When the death of the mother of the infants was committed, the respondent, per his affidavit evidence in Paragraph 24, was already in United States of America. At this point, it appears, the loss of appellants’ daughter, being also a loss to the respondent and the innocent infants, mistrust, and suspicion emerged. These mistrusts and suspicion are contained in the totality of 4S paragraph affidavit – evidence filed on 25-1- 2001, deposed to by the 2nd appellant in support of their Ex-parte Originating Summons in Suit No. M/ 421/2001, see Paragraphs 26-27 of the record. Similar mistrust and suspicion are also contained in the 68 paragraph affidavit evidence deposed to by the applicant/respondent in support of his Originating Summons in Suit No. M/330/2003 – See paragraphs.3-7 of the record of appeal. From the parties mistrusts and suspicions, this Court understands the deep sentiments and worries of the parties respectively. The present appellants had already received guardianship by the former trial Court’s decision delivered by Ige (J) on 7- 10-2001 as shown in Exhibit A2 in Suit No. M/421/2001 at Ibadan High Court. It is contained at page 43 of the record.

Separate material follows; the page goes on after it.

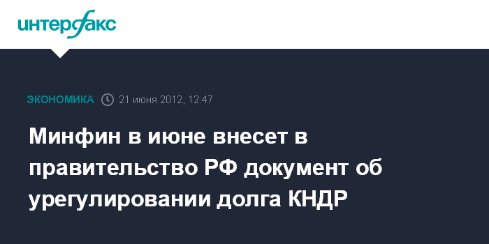 Минфин в июне внесет в правительство РФ документ об урегулировании долга КНДР

Exhibit A2 reads as follows:-
- That there exists necessary circumstances warranting the appointment of the applicants as the guardians of the named infants.

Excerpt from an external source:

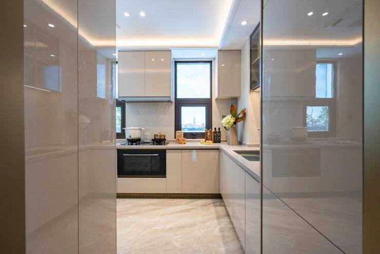 所有户型都是精装交付,装标约 8000 元 /㎡,甄选弗兰卡、唯宝、高仪等国际一线品牌。标配中央空调、地暖、新风三大件,搭配智能门锁、玄关收纳、厨房岛台等细节设计,兼顾实用性与品质感。交房后简单布置就能入住,省心又省力。

- That the applicants be appointed as the guardians for the above named infants.
- That the custody of the above named infants be awarded to the applicants.
The guardians now appointed shall act always in the best interest and welfare of the said infants that is :
- MAYOWA DEMI ADERINOKUN (F). 6 YEARS.
- TEMILOLA BRIANNA ADERINOKUN (F) 3 YEARS.
ISSUED AT IBADAN Under the seal of the Court and the Hand of the Presiding Judge this 17th day of October, 2001.
Now coming to the main issues before this Court, appellant’s brief of argument was dully filed on 2-10-2003 in which they have raised four (4) issues for determination as follows:-
- Whether the applicant/respondent can apply to the Lower Court for reliefs already granted by that Court to the respondents/appellants and whether that court is competent to entertain the application. (Grounds 1, 2 and 3).
- Whether the learned trial Judge misdirected himself and thereby came to a wrong conclusion when he held that FORM 58 “is being used as a shield to deprive a necessary party to an action from being heard” when FORM 58 used in Exhibit A2 is in strict compliance with the High Court Civil Procedure Rules of Oyo State. (Grounds 4, 5, 7 and 9).
- Whether in view of the Court’s finding that Exhibit A2 is a final order and the subject matter of this action and Exhibit A2 are the same, the learned trial Judge was right to have dismissed the Preliminary objection and assumed jurisdiction. (Grounds 6, 7, 8 and 12).
- Whether or not the learned trial Judge could sit on appeal on a subsisting order of a Court of co-ordinate jurisdiction. (Grounds 6, 10, 11 and 12.)
In response, the respondent filed his written brief on 19-5-04 from which he raised Notice of Preliminary objection in respect of grounds 4, 5, 6 and 7 from which the appellants formulated issue NO.2 for determination.
I will later consider the respondent’s Preliminary objection in this judgment. The respondent has formulated two (2) in alternative order, issues for determination and they read as follows:
- Whether Suit No. M/330/2002 commenced by the Respondent here in before the lower Court is caught by the doctrine of Estoppel per Rem Judicata in view of the decision contained in the Applicants Ex-parte order in Suit No M/421/2001.